By all accounts, the 401(k) and defined contribution is a huge success moving in the right direction with higher account balances, contribution rates and participation with increased coverage imminent through state and federal mandates.
On the other hand, these payroll deducted, participant directed plans are a stunning failure leaving people to deal with even a bigger problem than accumulating retirement assets. It’s as if we offer a guided trip to an ideal travel destination and, halfway through the flight, the professional pilots parachute off leaving the passengers to land themselves.
The answer is quite clear, as is the demand – in-plan retirement or guaranteed income. But what are the impediments and how do we overcome them?
“When asked if they want guaranteed income to replace their paychecks, most people respond positively,” notes Mike DeFeo, head of DC distribution at Allianz Life Financial. “But when asked about whether they want to invest in annuities, the results are very different.” Michelle Richter, executive director at the Institutional Retirement Income Council and principal at Fiduciary Insurance Services, agrees. “65% of consumers desire the attributes of annuities.”
That’s because many retiring DC participants fall prey to the unscrupulous brokers that dominate the K-12 non-ERISA market selling annuities. “Plan sponsors are paternalistic concerned about the high fees and lack of flexibility with annuities,” said Matthew Wolniewicz, president at Income America. These concerns are both driving plan sponsors to consider in-plan retirement income while also muting demand when annuities are offered as the solution.

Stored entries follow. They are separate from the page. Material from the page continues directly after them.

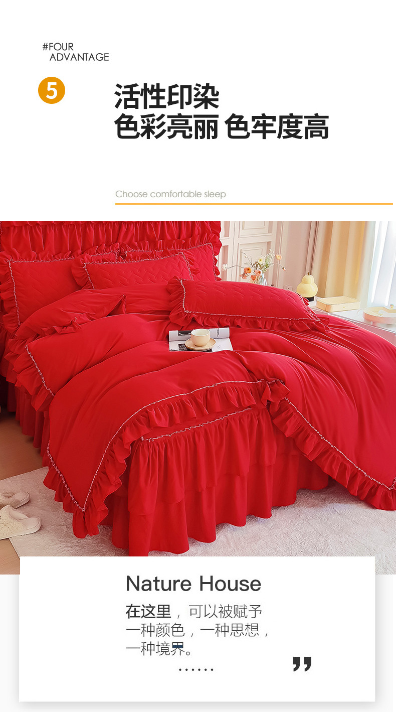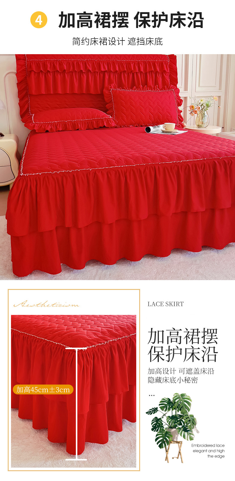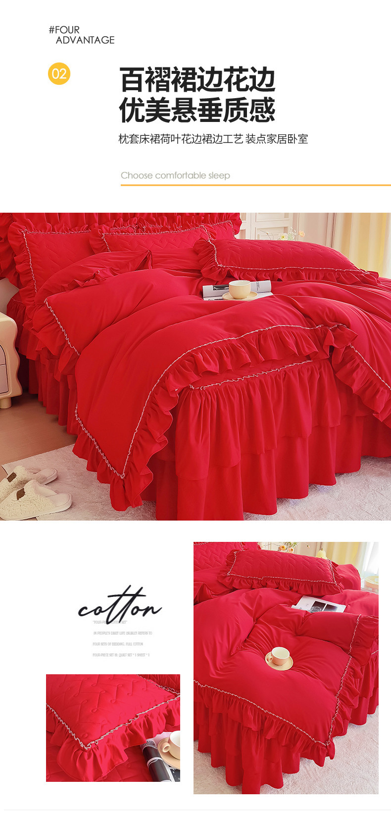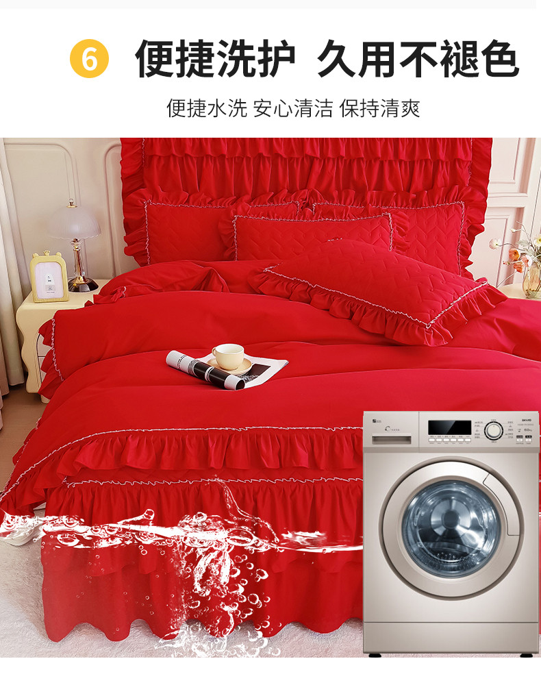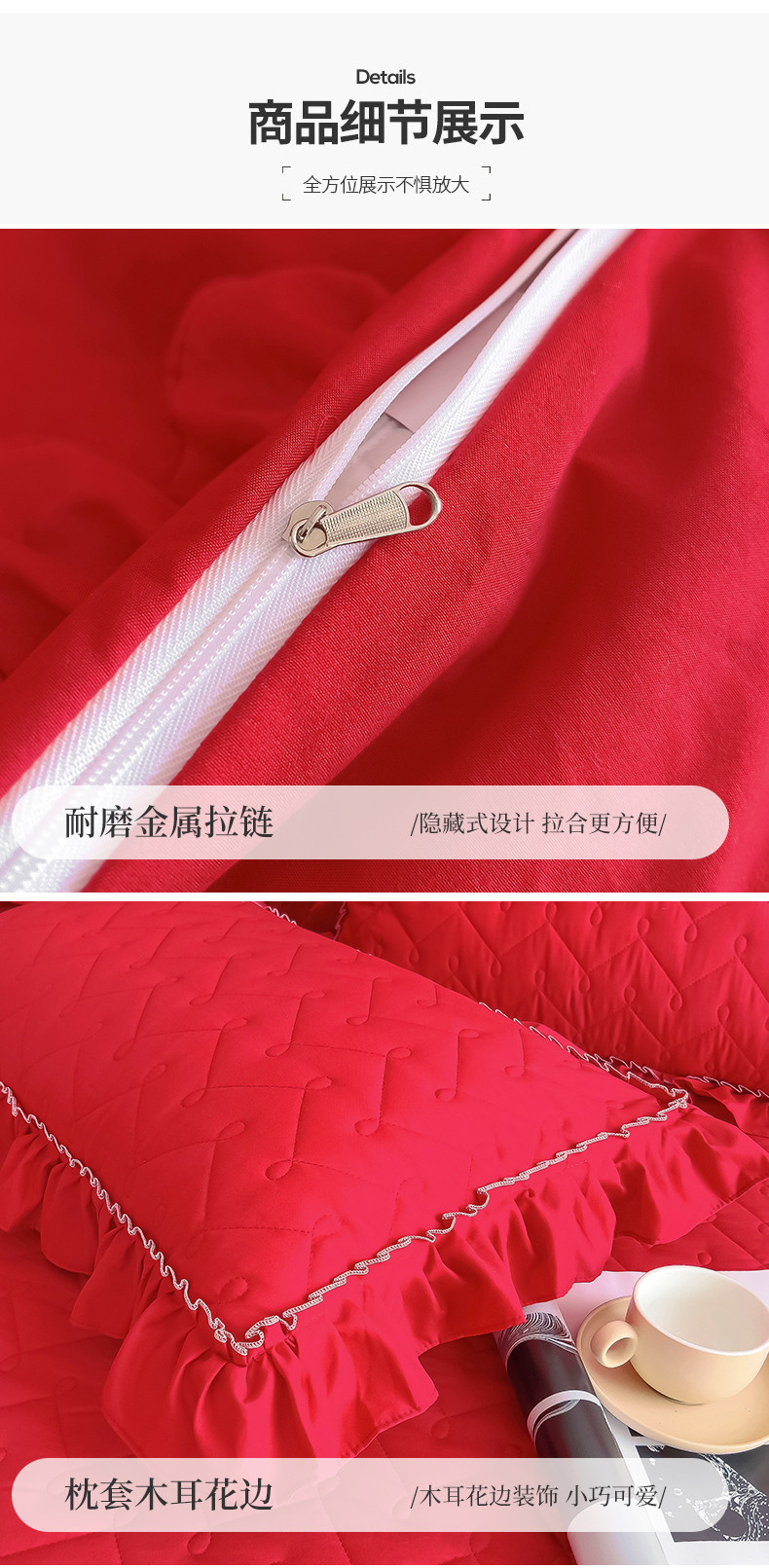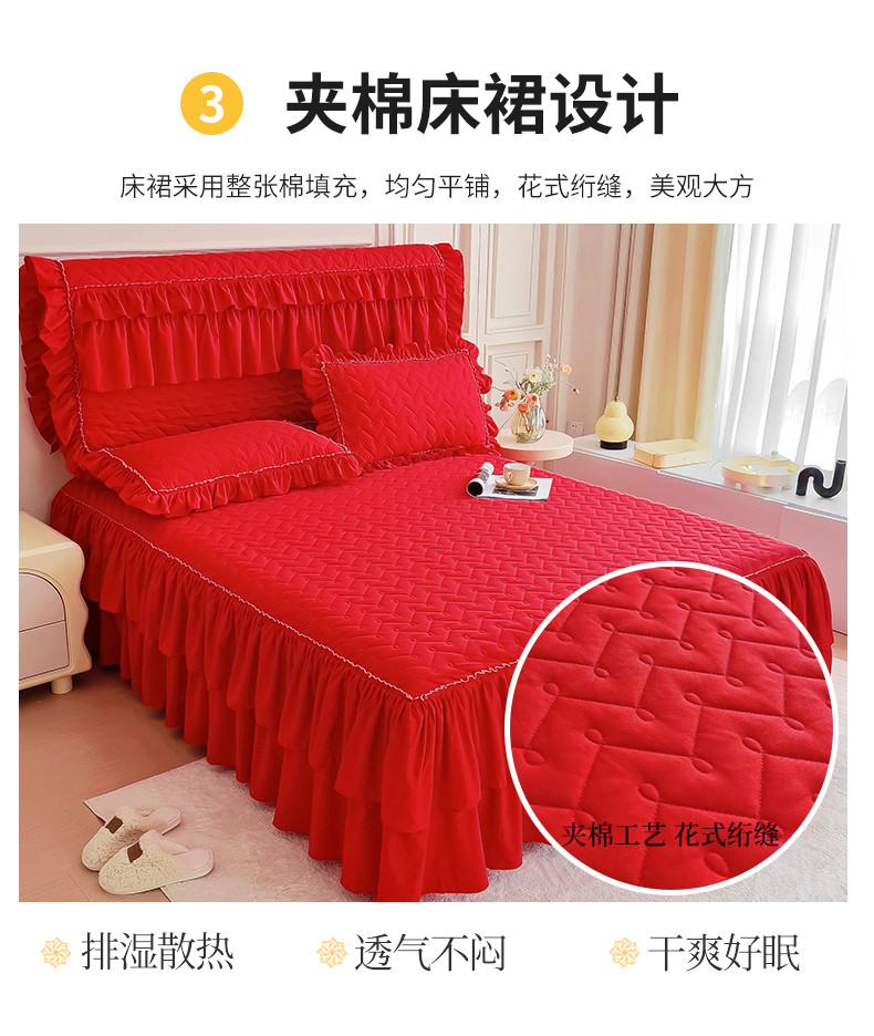 当前位置: 91家纺网 > 商品网购 > 床品套件 > 四件套 > 全棉普通四件套 > 十个点 2024新款水洗棉磨毛夹棉纤缝床裙套件星辰系列-四件套 大红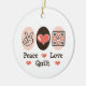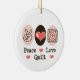 O símbolo de paz, o coração e o quadrado estofando do tecido com corações e flores no marrom cor-de-rosa e escuro em camisas da edredão t, em roupa, em roupa e em mais mercadoria fazem um presente bonito para o quilter ávido.
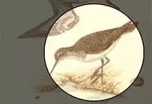 泽鹬:小型涉禽,体长19-26厘米。嘴长,相当纤细,直而尖。颜色为黑色,基部绿灰色,脚细长,暗灰绿色或黄绿色。夏季上体灰褐色具黑色斑,腰白色并向下呈楔形延伸。下体白色,颈、胸具细的黑色纵纹。…全部>>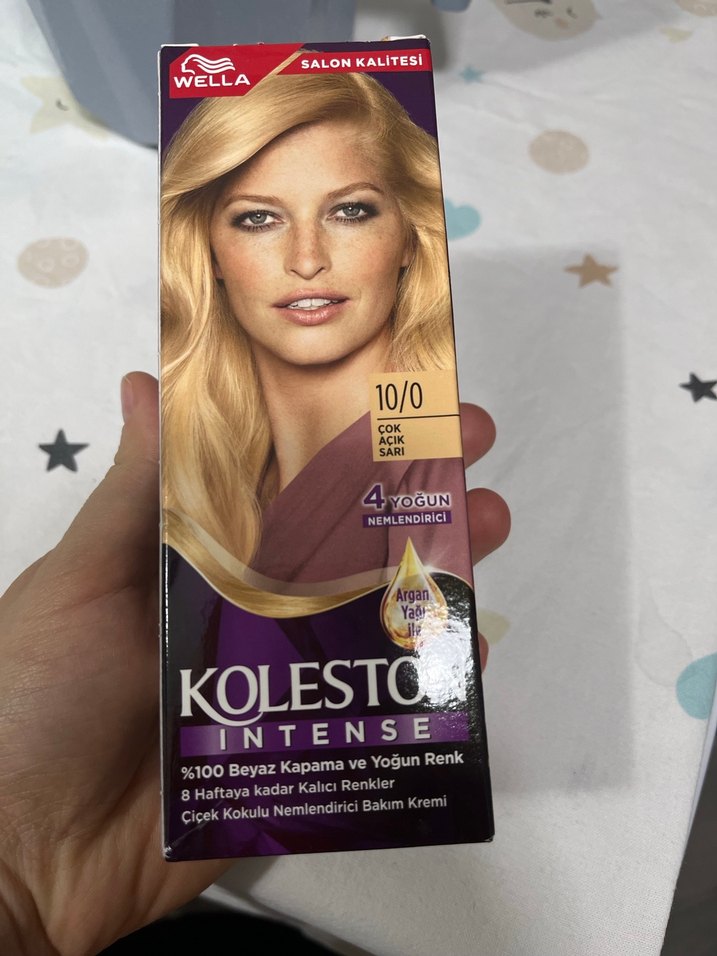 Wella Kolesto Intense 10/0 çok açık sarı saç boyası, %100 beyaz kapama ve yoğun renk sağlar. Argan yağı içeren nemlendirici bakım kremi ve çiçek kokusu ile 8 haftaya kadar kalıcıdır. 1 çay kaşığının yarısı kadar anca kullanıldım sıfır neredeyse bana uymadı başka alacağım.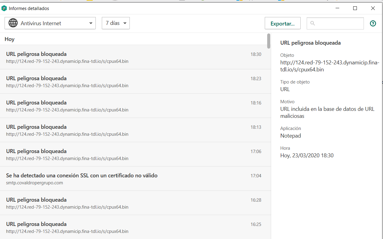 Ahora toca monitorizar el sistema a ver si sigue detectando tu Kaspersky el acceso a dicha URL maliciosa.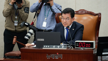 신정훈 위원장이 7일 오후 서울 여의도 국회에서 열린 국회 행정안전위원회의 행정안전부, 인사혁신처 등에 대한 국정감사에서 의사봉을 두드리고 있다.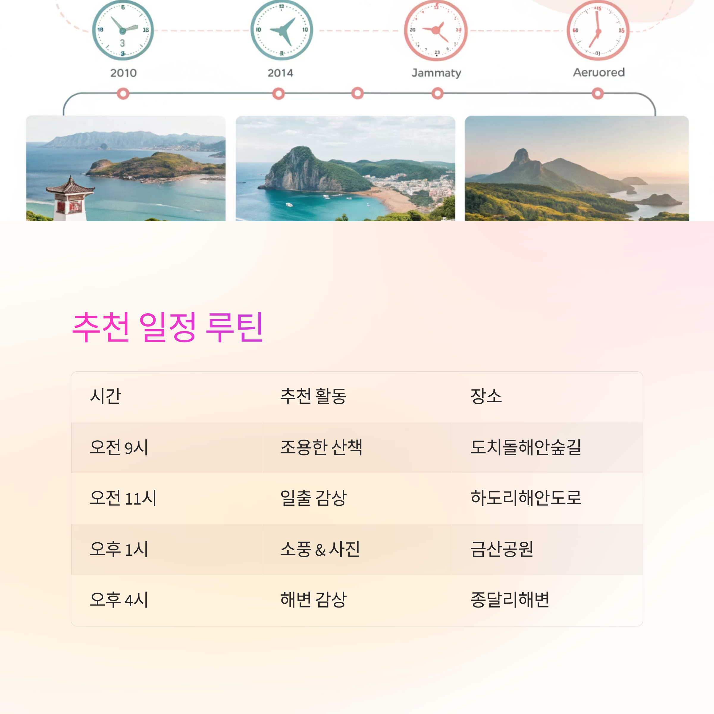 | 오전 11시 | 일출 감상 | 하도리해안도로 |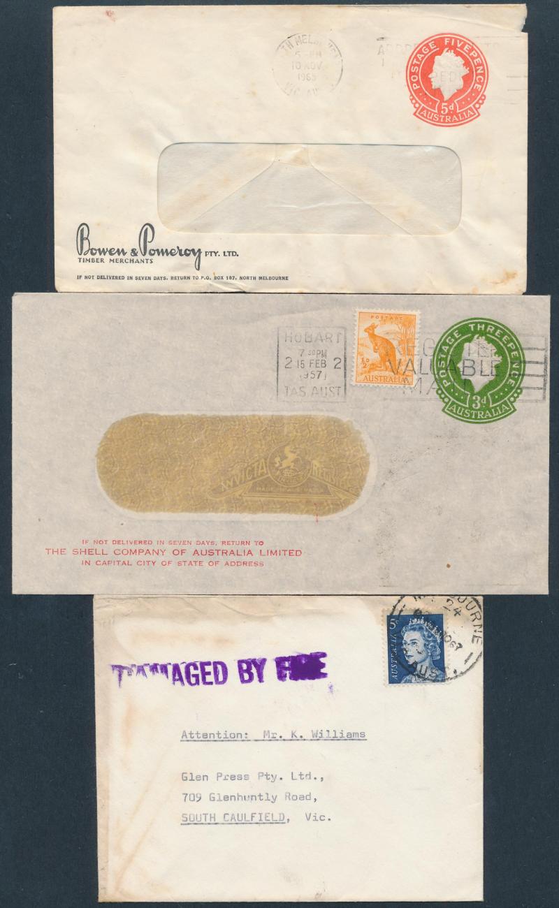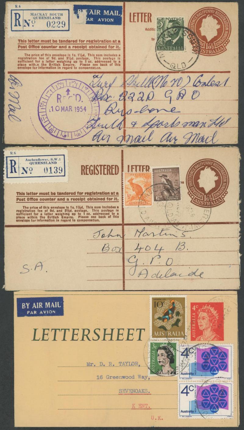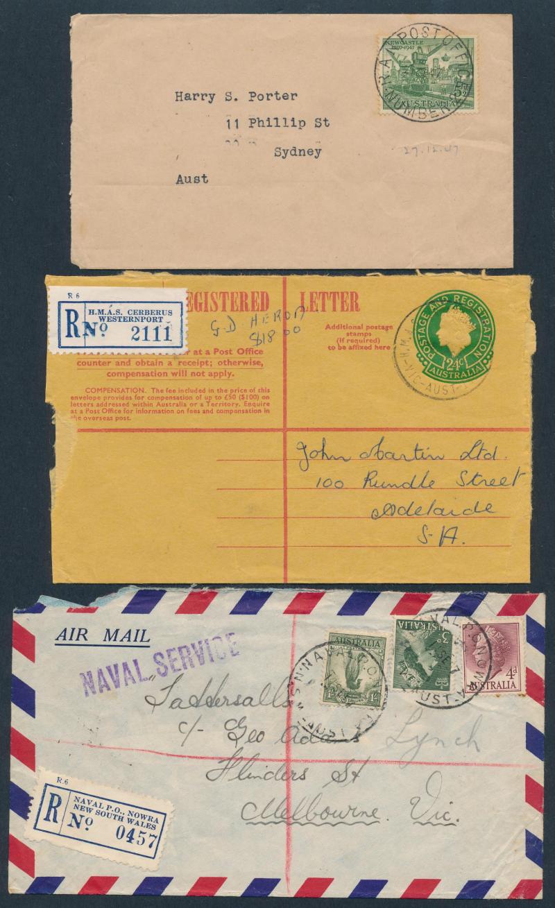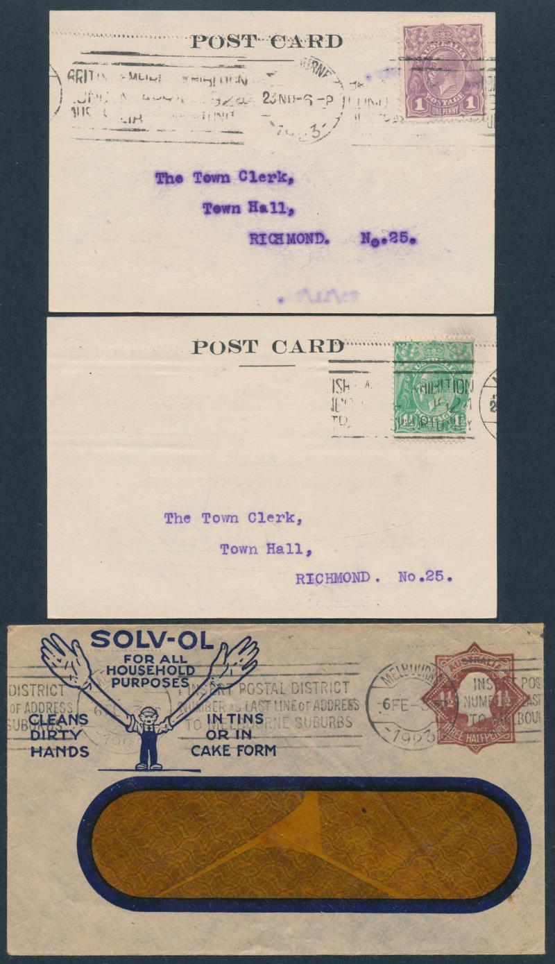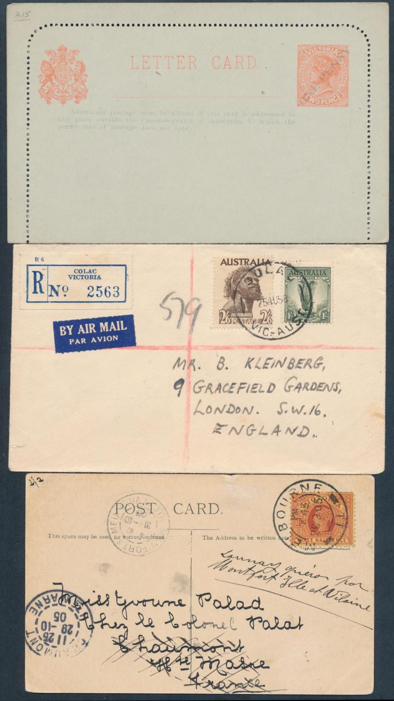 'PERMISSION/GRANTED' cachet, 1959 underpaid air express Vic-WA with Postage Due ½d block of 24 on the reverse, etc; also Postal Stationery including two KGVI 2d Postal Cards punctured 'OS/NSW', KGV 4d orange Registration Envelope with red &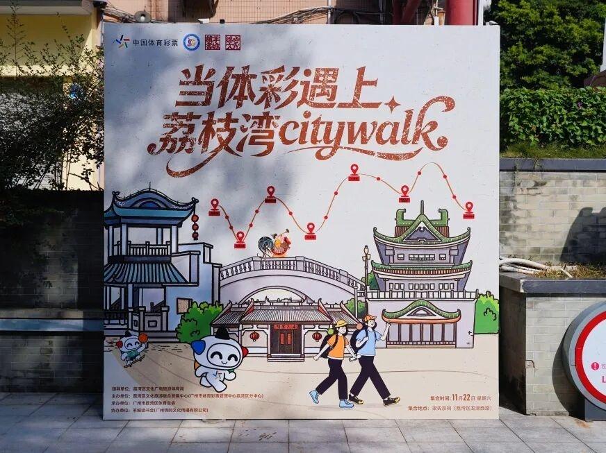 此外,即日起至12月14日的每个周末,一场别开生面的“当体彩遇上CityWalk”系列活动在荔湾区精彩呈现。活动创新性地将体育彩票公益宣传与城市徒步文化体验相结合,精心设计的路线串联起梁家祠、文塔、泮溪酒家、西关大屋、李小龙祖居、粤剧艺术博物馆等多个文化地标,让参与者在健步走的过程中,深度领略荔湾丰富的历史文化魅力。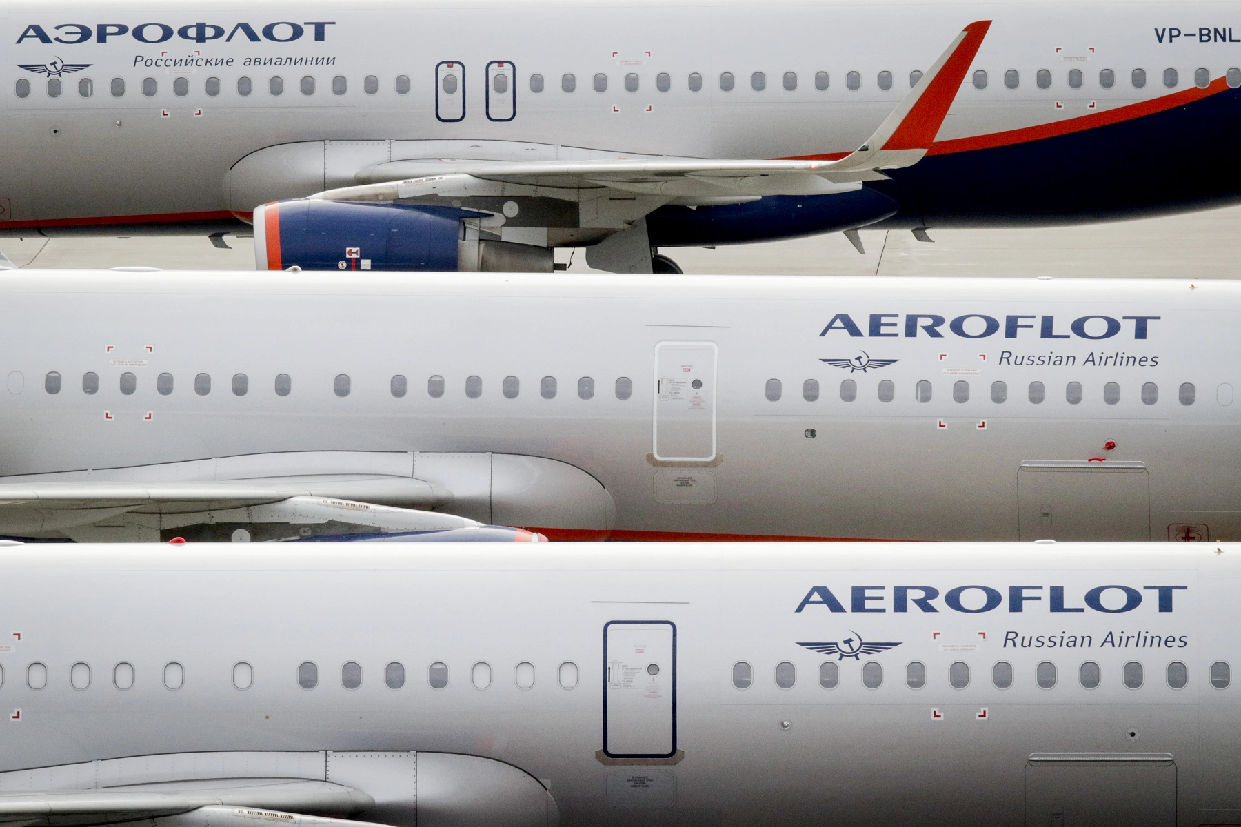 Фото: Пассажирские самолёты Airbus A320 авиакомпании «Аэрофлот» в московском аэропорту Шереметьево, 16 сентября 2021 года. Leonid Faerberg / SOPA Images/Sipa USA

“The combination of fewer defined benefit plans, inflation deflating Social Security benefits and longevity are driving demand for guaranteed income,” notes John Faustino, head of Fi360, a Broadridge company. “The lack of a standardized due diligence process like with mutual funds, technology to allow for portability and regulatory guidance is not helping.”
So if the demand for guaranteed income and paycheck replacement is so high, what are the impediments and solutions? We have effectively used the workplace to help people save – Fidelity notes that IRA and 401(k) millionaires increased by more than 30% in Q4 2021 as did contributions – why not offer in-plan retirement income at work?
Like with all new features in DC plans, agreement is needed by three unrelated parties – plan sponsors, advisors and record keepers. It’s hard to get three parties to agree on anything. “Insurance and retirement providers are traditionally technology challenged,” states Michelle Richter. “We need middleware to help them speak to each other.”
Though Allianz is working with smaller providers through Relius, a popular record keeper software platform, the industry needs the Fab 5 to adopt retirement income products. “Though insurance providers may be reluctant to offer and record keep other companies’ services,” comments Matthew Eickman, national practice leader at Prime Capital Investments, “Just like with other investments, they need to open up their platform the products that are portable to remain competitive.”
Retirement income is more like target date investments where more than one may not be necessary so it will be difficult to convince those providers with proprietary products to offer or record keep other providers products or to spend money to upgrade technology for the privilege.
Plan sponsors must be convinced to allow participants to stay in the plan when they terminate but there’s a growing willingness as their plan and investment fees decrease with more assets and third parties are available to keep track of terminated employees.
The key is RPAs who need to advocate on behalf of their clients to have their record keeper partners offer in-plan guaranteed income. “Advisors are leery to offer products unless they are experts,” notes Mike DeFeo. According to Matthew Eickman, “RPAs don’t want to recommend a product that is not widely available.”
“The SECURE Act was supposed to do for retirement income what the 2006 Pension Protection Act did for target date funds,” states Matthew Wolniewicz. “But we have so far missed the boat due to Covid.”
Along with the SECURE Act, a recently proposed bill to allow retirement income as a QDIA, the Department of Labor’s guidance encouraging access to lifetime income shows that lawmakers are sympathetic. But education is essential especially for RPAs not accustomed to selling annuities as is technology that allows for transferability of products.
Just like any new service, everyone must win. It will not happen just because it is supposed to unless the government forces the issue. In the war for talent, retirement income can be used to attract and retain employees. RPAs need to offer more than fees, funds and fiduciary services and even more than the auto-plan all of which can be made available by dabblers willing to cut fees.
Record keepers have to be paid on these new products to justify the expense to upgrade technology to service non-proprietary products. Just as important, larger RPA firms and plan sponsors must push for in-plan guaranteed income that is cost efficient, flexible and transferable or else move their business elsewhere. That’s how new products are introduced into the DC system.